Meta Platforms does not provide an opt-out option to users based in the US and has been scraping their data from an unspecified date. However, users have an option to set their account to private. In its statement earlier this year, Meta said, “While we don’t currently have an opt-out feature, we’ve built in-platform tools that allow people to delete their personal information from chats with Meta A.I. across our apps.”
Separately, Facebook provides a form named “Data Subject Rights for Third Party Information Used for AI at Meta” through which users can control how Meta uses their information from third parties. One of the options in that form is to ask Facebook to delete any personal information it might have sourced from third parties and not use it to train its AI models.
Meta Says It Only Scrapes Public Data
It is worth noting that Meta is not scraping through private chats and images and only using public posts. It also isn’t scraping accounts of minors but it still uses their images if found in public posts of adults.
Meta Platforms doesn’t seem to be breaking the law, especially outside of the EU. However, many users aren’t enthused by the fact that their data is being used for profit without the option to opt-out.
Leading AI models need an exorbitant amount of data so most AI companies have simply been scraping through online public content, often without obtaining permission of any kind. This is likely a copyright violation as uploading content to the internet doesn’t suddenly make it free for anyone to use for profit.

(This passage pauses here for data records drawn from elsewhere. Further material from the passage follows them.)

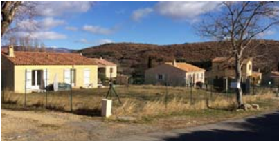
Pavillons près du hameau Les Rivarels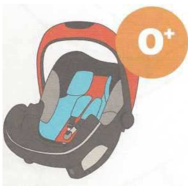
0-13 кг от рождения до 1 года

Покупайте кресло вместе с ребенком. Пусть он попробует посидеть в нем - прямо в магазине.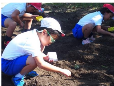
9/25 大根の植ええ2年 ご協力ありがとうございました!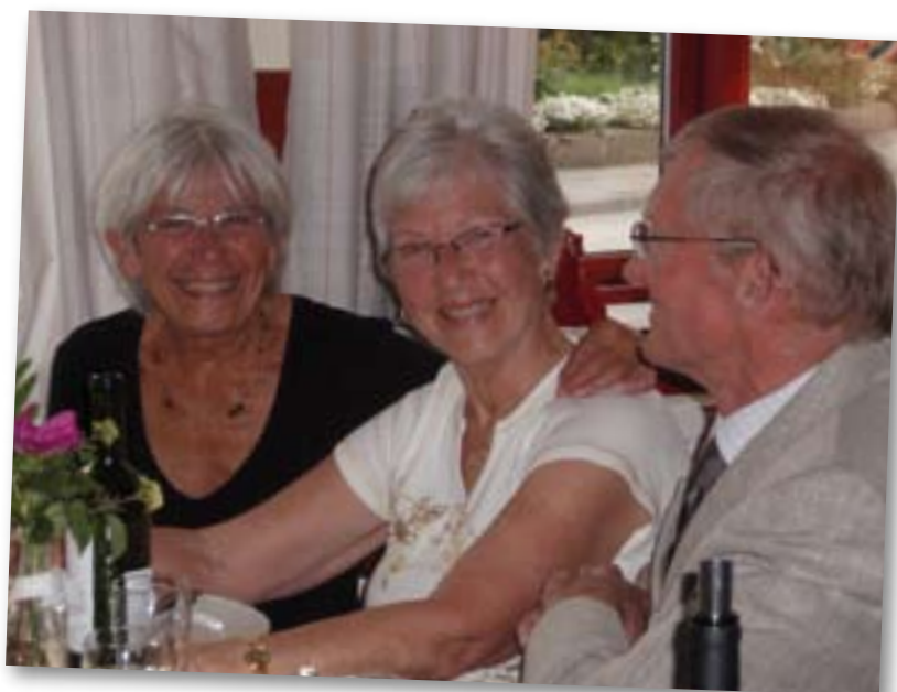
hvor der var arrangeret middag og hyggeligt samvær.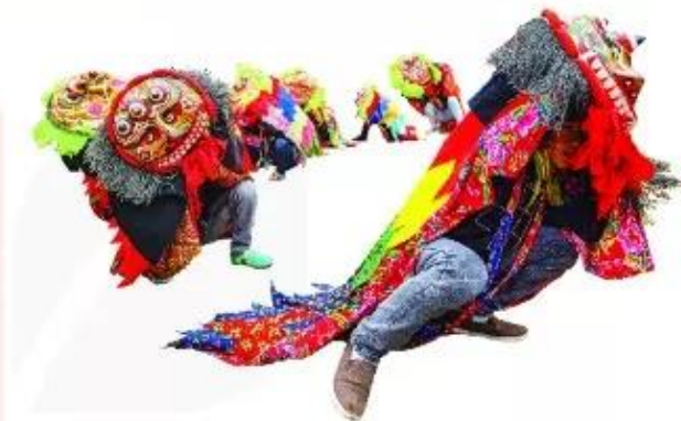
Múa sư tử của người H'mông

Trò chơi dân gian có từ thời xa xưa và được truyền lại đến ngày nay. Đây là chủ đề được thể hiện trong nhiều dòng tranh dân gian như: Đông Hồ, Hàng Trống,... qua đó giúp bảo tồn, phát huy những giá trị nghệ thuật qua nhiều thế hệ.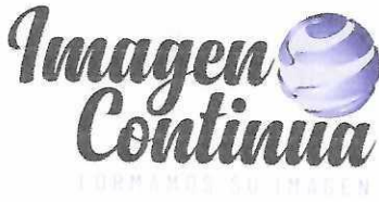
IMAGEN CONTINUA S.A.S.

Formas Continuas – Litografía – Publicidad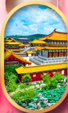
เมืองจำลองสามก๊ก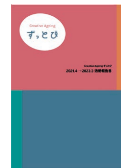
【Creative Ageing ずっとび 2021.4→2023.3 報告書報告書】

2021年度から始まった「Creative Ageing ずっとび」の2年間の取組みをまとめた冊子『Creative Ageing ずっとび 2021.4→2023.3 報告書報告書』を発行。プログラムの活動写真や参加者の声、また活動を共にしたとびラーや医療・福祉関係者からのコメント等を掲載した。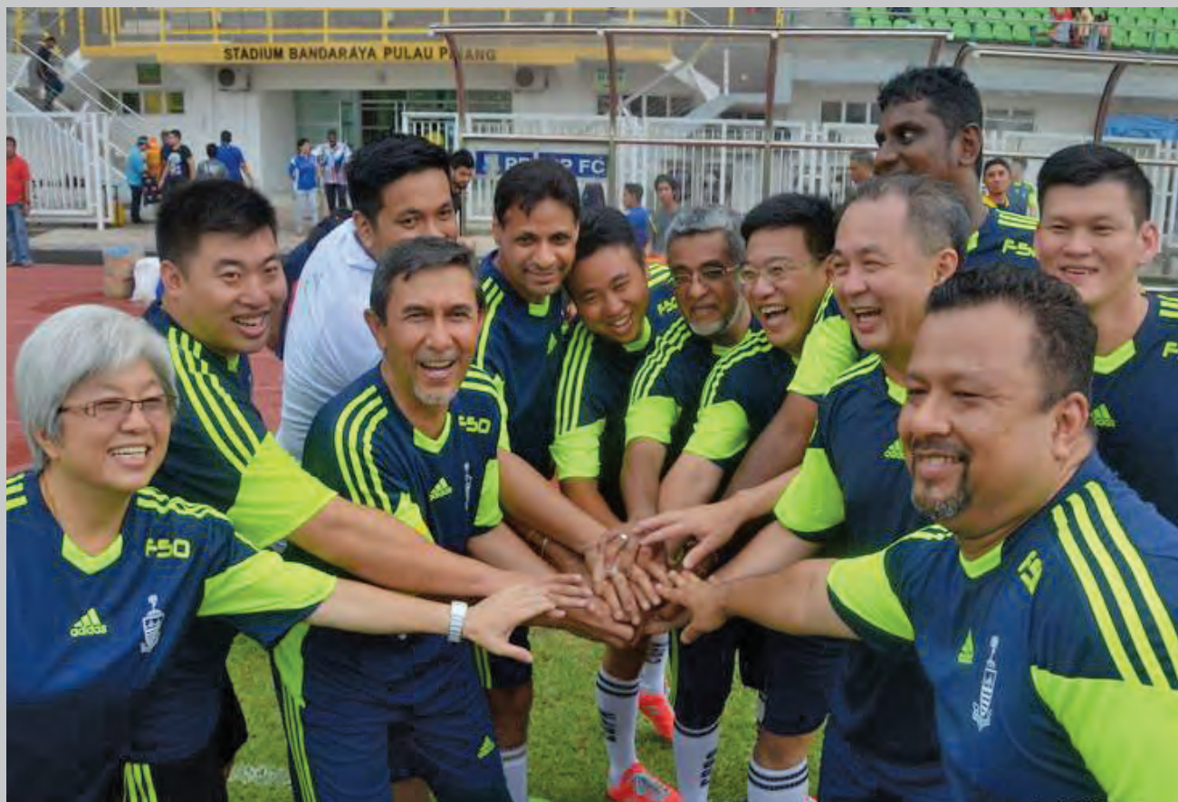
The host team issuing the battle cry before the start of the match.

A FRIENDLY football match at the City Stadium between a state assembly representative side, the host team, and Jelutong village development and security committee team saw the state assembly team losing 4-2.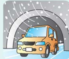
トンネルの出入口

Publishers are on the frontlines of this battle, arguing that AI companies are stealing their hard work for profit. Last year, The New York Times filed a lawsuit accusing AI giants OpenAI and Microsoft of brazenly copying millions of articles from their websites without due permission to train their AI systems.
In a more recent but similar case, journalists Andrea Bartz, Kirk Wallace Johnson, and Charles Graeber have filed a class action suit against AI giant Anthropic in a California court accusing it of using their work without permission to train the company’s Claude chatbot.

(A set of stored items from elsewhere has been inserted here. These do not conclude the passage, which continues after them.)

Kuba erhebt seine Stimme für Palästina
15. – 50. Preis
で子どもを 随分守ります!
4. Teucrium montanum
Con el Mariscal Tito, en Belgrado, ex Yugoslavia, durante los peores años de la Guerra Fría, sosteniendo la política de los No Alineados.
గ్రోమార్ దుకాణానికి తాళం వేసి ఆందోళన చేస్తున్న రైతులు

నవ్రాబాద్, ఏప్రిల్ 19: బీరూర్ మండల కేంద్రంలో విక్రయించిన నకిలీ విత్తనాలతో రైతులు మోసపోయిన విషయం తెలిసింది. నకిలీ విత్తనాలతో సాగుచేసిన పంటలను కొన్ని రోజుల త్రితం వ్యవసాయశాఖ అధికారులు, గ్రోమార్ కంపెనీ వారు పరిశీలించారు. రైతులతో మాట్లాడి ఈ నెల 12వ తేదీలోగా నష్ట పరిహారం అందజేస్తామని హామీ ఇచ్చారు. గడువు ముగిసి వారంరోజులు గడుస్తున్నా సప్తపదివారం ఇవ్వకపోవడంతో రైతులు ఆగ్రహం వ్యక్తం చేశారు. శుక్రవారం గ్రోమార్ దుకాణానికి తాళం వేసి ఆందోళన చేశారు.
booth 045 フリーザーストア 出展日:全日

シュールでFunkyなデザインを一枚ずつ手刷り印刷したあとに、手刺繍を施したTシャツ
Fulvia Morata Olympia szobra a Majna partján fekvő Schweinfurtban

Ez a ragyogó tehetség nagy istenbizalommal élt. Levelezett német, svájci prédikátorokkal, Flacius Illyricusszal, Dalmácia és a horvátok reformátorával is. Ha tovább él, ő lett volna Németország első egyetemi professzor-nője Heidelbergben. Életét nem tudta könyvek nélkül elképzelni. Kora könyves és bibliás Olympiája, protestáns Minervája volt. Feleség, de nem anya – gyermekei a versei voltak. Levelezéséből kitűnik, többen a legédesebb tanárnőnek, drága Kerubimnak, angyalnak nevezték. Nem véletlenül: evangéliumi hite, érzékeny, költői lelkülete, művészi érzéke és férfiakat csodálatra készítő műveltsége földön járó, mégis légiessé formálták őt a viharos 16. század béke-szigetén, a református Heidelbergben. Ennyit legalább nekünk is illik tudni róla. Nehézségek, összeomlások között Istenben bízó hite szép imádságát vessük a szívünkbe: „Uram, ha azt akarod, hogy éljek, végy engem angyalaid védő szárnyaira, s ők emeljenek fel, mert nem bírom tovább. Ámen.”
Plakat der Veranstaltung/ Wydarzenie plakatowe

Last year, Google also updated its privacy policy to add that it can use scraped web data to train its AI models. Incidentally, in June the company defeated a class action lawsuit that accused it of misusing online social media content and information shared on Google platforms for training its AI systems. Previously, in May, OpenAI and Microsoft also defeated a similar lawsuit.
Data Scraping Regulations Are Sorely Needed
The reason tech companies have been able to scrape so much public data without retribution is because of the lax privacy laws. As Senator Shoebridge aptly said, “There’s a reason that people’s privacy is protected in Europe and not in Australia; it’s because European lawmakers made tough privacy laws. Meta made it clear today that if Australia had similar laws, Australians’ data would also have been protected.”
While some steps have been taken – such as OpenAI providing websites an option to stop its crawlers from scraping their content – much more needs to be done. In the absence of regulations, public data might continue to be the cannon fodder for training AI models.